When the SEC adopted the higher $250 million definition for “smaller reporting company” last year, the definitions of “accelerated filer” and “large accelerated filer” didn’t change. As a result, companies with $75 million or more of public float that qualify as SRCs are still subject to the requirements that apply to accelerated filers, including the timing of the filing of periodic reports and the requirement that accelerated filers provide the auditor’s attestation of management’s assessment of internal control over financial reporting – and I blogged that that was a point of contention among the Commissioners.
We’ve blogged a few times since then about SEC Chair Jay Clayton’s desire to promote capital formation – and his view that the SOX 404(b) thresholds play into that. So a proposal to amend the definitions wouldn’t come as a surprise.
Audit Committee Independence: Still Important
We get a pretty regular stream of questions on our “Q&A Forum” to the effect of, “Is it really *that* important for our audit committee members to avoid any potentially conflicting relationships with the company?” And we know our members aren’t just making up these questions for fun – let’s just say, the enhanced independence requirements aren’t always front of mind for every director. If I had a dime for every time one of my clients discovered a consulting agreement that had some sort of tie to an audit committee member…well, anyway:
In remarks yesterday, SEC Chief Accountant Wes Bricker called out independence of committee members as one of the main drivers of audit committee effectiveness – along with time, information quality and training & experience.
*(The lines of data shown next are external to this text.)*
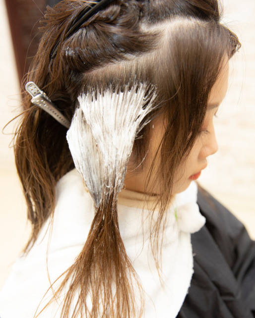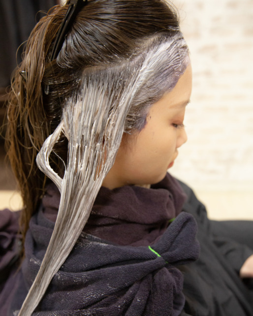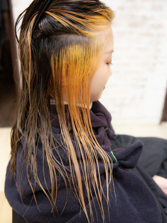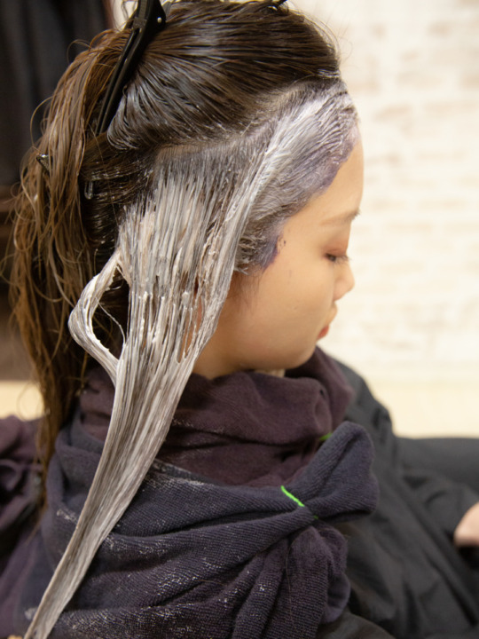 分けとったところにオリジナルで調合したカラーを塗っていきます。 しっかりとブリーチした後であればキレイな色が入るので楽しみにお待ちください☆ -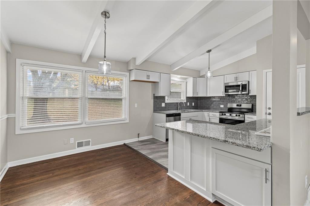 **1% BUY DOWN AVAILABLE AT NO COST CALL LISTING AGENT FOR MORE DETAILS** MOVE IN READY! Total remodel! Fresh paint in and out. You’ll love the warmth of hardwood floors and the character of wood-beamed vaulted ceilings. The updated kitchen features timeless white cabinetry, granite countertops, a modern tile backsplash and new stainless-steel appliances. BONUS room off dinning room that could be 4th bedroom with new bathroom. Both bathrooms have been fully revamped for a fresh, modern feel. The finished basement expands your living space with a large recreation room that’s perfect for guests, kids, or movie nights. 6′ privacy fence in large back yard. Great Gladstone location. Walk to school, park w/playground, basketball & tennis.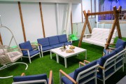 האחד מתחם חיצוני מקורה וממוזג מפנק במיוחד ובו: בריכה מחוממת, גקוזי ספא ל-6 אנשים, סאונה יבשה, פינת אוכל ל-12 סועדים, ערסלים, מדשאה, תאורה רומנטית צבעונית לשעות הערב, פינת ישיבה, נדנדה, ריהוט גן, מותר מנגל בשבת.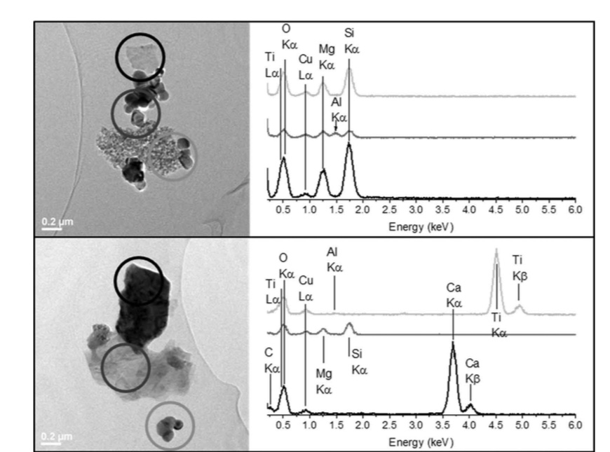 Abstract : Titanium dioxide is a metal oxide used as a white pigment in many food categories, including confectionery. Due to differences in the mass fraction of nanoparticles contained in TiO2, the estimated intakes of TiO2 nanoparticles differ by a factor of 10 in the literature. To resolve this problem, a better estimation of the mass of nanoparticles present in food products is needed. In this study, we focused our efforts on chewing gum, which is one of the food products contributing most to the intake of TiO2. The coatings of four kinds of chewing gum, where the presence of TiO2 was confirmed by Raman spectroscopy, were extracted in aqueous phases. The extracts were analysed by transmission electron microscopy (TEM), X-ray diffraction, Fourier Transform Raman spectroscopy, and inductively coupled plasma atomic emission spectroscopy (ICP-AES) to establish their chemical composition, crystallinity and size distribution. The coatings of the four chewing gums differ chemically from each other, and more specifically the amount of TiO2 varies from one coating to another. TiO2 particles constitute the entire coating of some chewing gums, whereas for others, TiO2 particles are embedded in an organic matrix and/or mixed with minerals like calcium carbonate, talc, or magnesium silicate. We found 1.1 ± 0.3 to 17.3 ± 0.9 mg TiO2 particles per piece of chewing gum, with a mean diameter of 135 ± 42 nm. TiO2 nanoparticles account for 19 ± 4% of all particles, which represents a mass fraction of 4.2 ± 0.1% on average. The intake of nanoparticles is thus highly dependent on the kind of chewing gum, with an estimated range extending from 0.04 ± 0.01 to 0.81 ± 0.04 mg of nano-TiO2 per piece of chewing gum. These data should serve to refine the exposure scenario.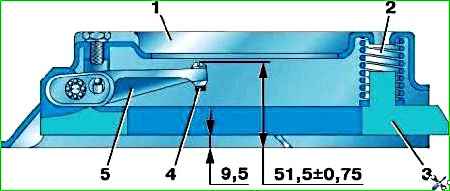 Adjustment is carried out by screwing in or unscrewing the adjusting screws (Fig. 2) until the size is (51.5±0.75) mm (the distance of the head of one of the screws from the surface of the plate).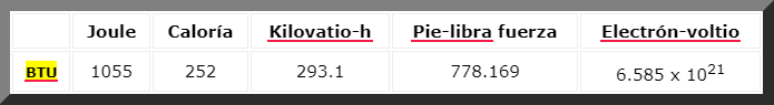 Conversiones BTU-otras unidades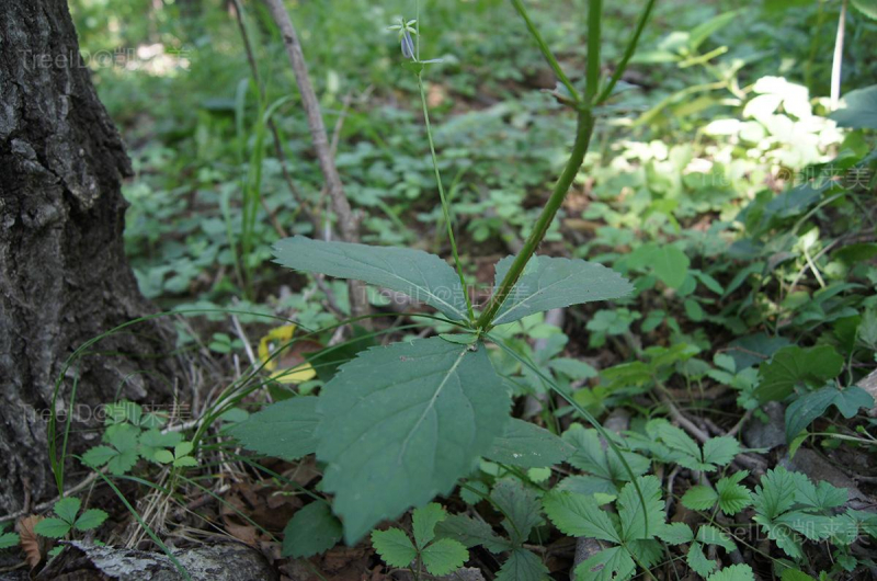 根胡萝卜形。 茎高,无毛或有疏柔毛。 叶轮生,菱状卵形,边缘具粗锐锯齿。 圆锥花序分枝成塔形,花下垂;花冠钟形,淡蓝紫色。 生山地草坡或林边。

So yes, it’s still important to at least one influential person, even as we debate whether the overall trend of “supermajority” director independence is worthwhile. Wes also suggested that the auditor’s understanding of the company’s business & audit risks should be something the audit committee considers when evaluating their performance. And he implied that the idea of mandatory auditor rotation remains pretty dead in the US, despite some European regulators requiring it:
As relevant information for the audit committees’ oversight, I believe it is also essential for the committee members to familiarize themselves with relevant research evidence. For example, existing academic research has not been conclusive on the relationship between an auditor’s tenure and either audit quality or auditor independence. Some studies document that mandated rotation may worsen an auditor’s efforts to be skeptical and may mask company “opinion shopping.” There is also some evidence suggesting that professional skepticism can, in some cases, benefit from a long-term auditor-client relationship.
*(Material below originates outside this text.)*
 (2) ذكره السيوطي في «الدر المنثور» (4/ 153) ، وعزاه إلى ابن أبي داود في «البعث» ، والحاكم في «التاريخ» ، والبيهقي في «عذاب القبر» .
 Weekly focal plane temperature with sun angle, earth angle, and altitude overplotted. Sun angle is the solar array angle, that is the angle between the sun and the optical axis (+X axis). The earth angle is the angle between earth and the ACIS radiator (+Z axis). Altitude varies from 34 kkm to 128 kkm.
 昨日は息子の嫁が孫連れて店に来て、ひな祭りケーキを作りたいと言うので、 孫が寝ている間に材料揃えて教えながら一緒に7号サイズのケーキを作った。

ESG Ratings: The Field Gets More Crowded
There’s some consensus that ESG ratings are impacting investment decisions – but it’s getting very difficult to keep up with all the offerings. S&P recently jumped into the mix with this “ESG Ratings Tool,” which allows companies to participate in the ratings process from start to finish. Assessments are conducted at the request of & in consultation with a company, and the company can then also decide whether & how to disclose the rating.
Meanwhile, State Street Global Advisors is fed up with the ESG ratings free-for-all and is now applying its own scoring system – “R-Factor.” This Davis Polk blog has the details:
An April 2019 SSGA article provides further insight into which resources SSGA is actually using to generate its R-Factor score for any company. For environmental and social scoring, R-Factor leverages the Sustainability Accounting Standards Board (or SASB) Materiality Map as the key framework for materiality.
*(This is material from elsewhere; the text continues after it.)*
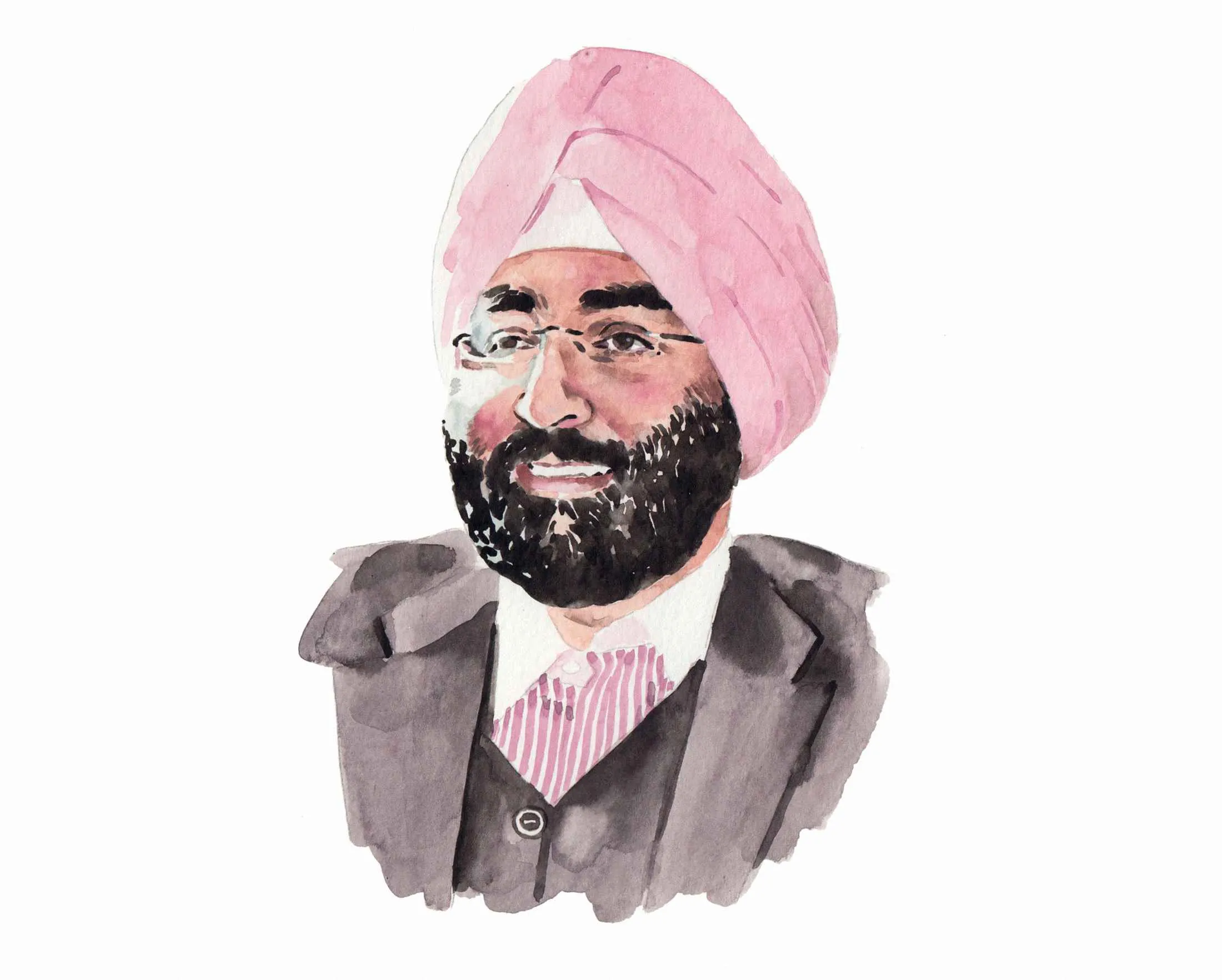 首先是他的头饰。巴赫尔是一名虔诚的锡克教徒,他所戴的头巾,无论是橙色、红色还是婴儿蓝,总是与他的商务服装完美搭配,甚至与他的领带和袜子相匹配。

SSGA writes that, “The R-Factor scoring model is powered by multiple best-in-class ESG data providers — Sustainalytics, Vigeo EIRIS, Institutional Shareholder Services (ISS) Governance and ISS Oekom — as well as SASB meta-data for categorizing and weighting.” SSGA uses another in-house proprietary tool for governance scoring that takes into account region- or country-specific norms. State Street has stated in other publications that it utilizes the Task Force on Climate-related Financial Disclosures Framework (known as TCFD) and that CDP’s (formally the Carbon Disclosure Project) Framework is another possibility.